Taman bacaan ini memang milik perorangan. Boleh membaca di tempat bila ingin gratis, atau sekadar duduk dan menikmati camilan dan minuman ringan di cafe pojok taman bacaan. Halaman yang cukup asri ditumbuhi pohon kersen dan aneka bunga anggrek yang tergantung rapi di teras. Itu sebabnya aku suka mangkir duduk di sini, dekat di jendela sembari membaca buku dan sesekali mengamati halaman yang asri.

Cafe books ini sudah lama berdiri, hanya saja jarang sekali peminat pembaca buku. Hingga banyak buku di sini yang tampak masih klimis tanpa tekukan di sudutnya karena jarang tersentuh. Selain buku ada juga di sisi yang lain menyewakan DVD aneka film, baik luar atau dalam negeri.

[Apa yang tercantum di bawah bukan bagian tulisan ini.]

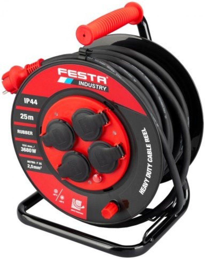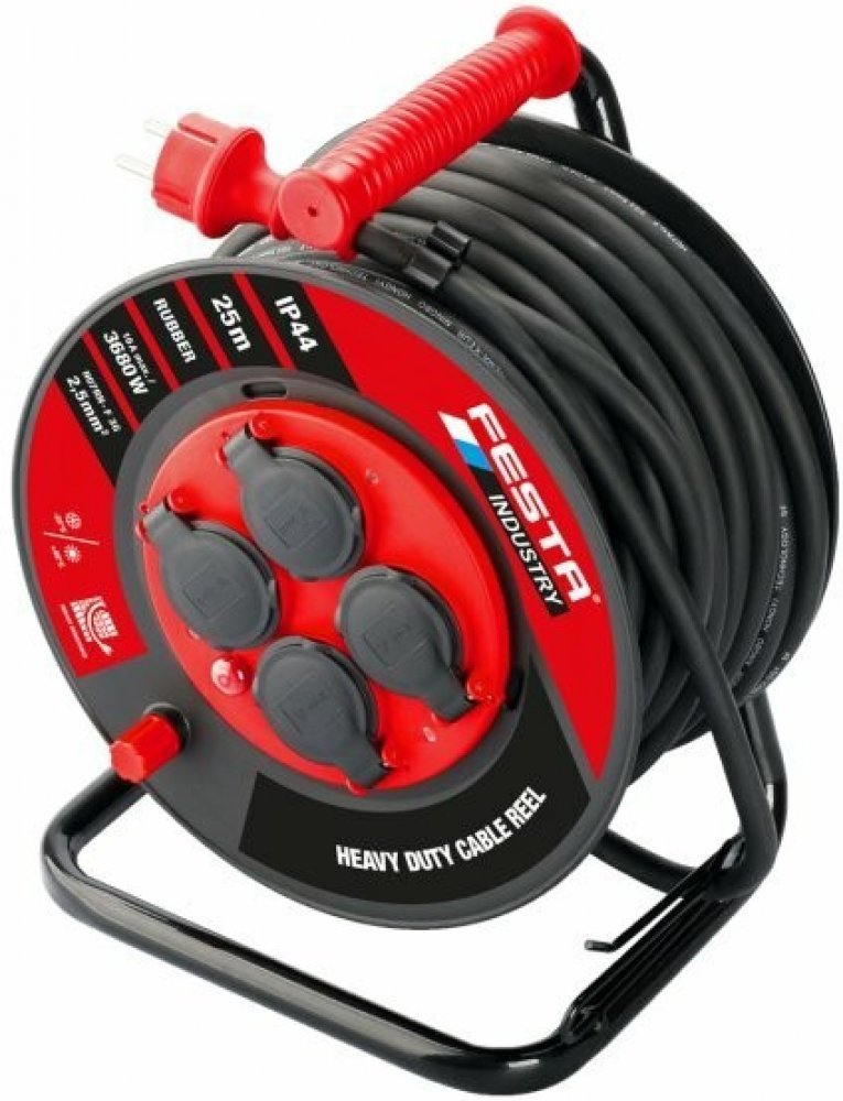 - prodlužovací kabel na bubnu se 4mi zásuvkami 3 x 2,5 mm na 230 V, pro venkovní použití - i trvalé

Aku baru saja akan menutup buku komik dan meyeruput milkshake cokelat, ponselku berdenting sekali. Aku memutar bola mata dengan jengah. SMS dari Mita atau Nina mungkin. Mereka adalah teman satu kelas yang lumayan dekat denganku. Sering pergi jalan bersama ke mall, salon, festival band atau nonton kakak kelas yang kece badai main 3 on 3 di lapangan basket. Mereka berdua hobi melakukan hang out seperti itu. Aku, sih, hanya ikut saja. Lebih tepat dibilang seperti obat nyamuk belaka.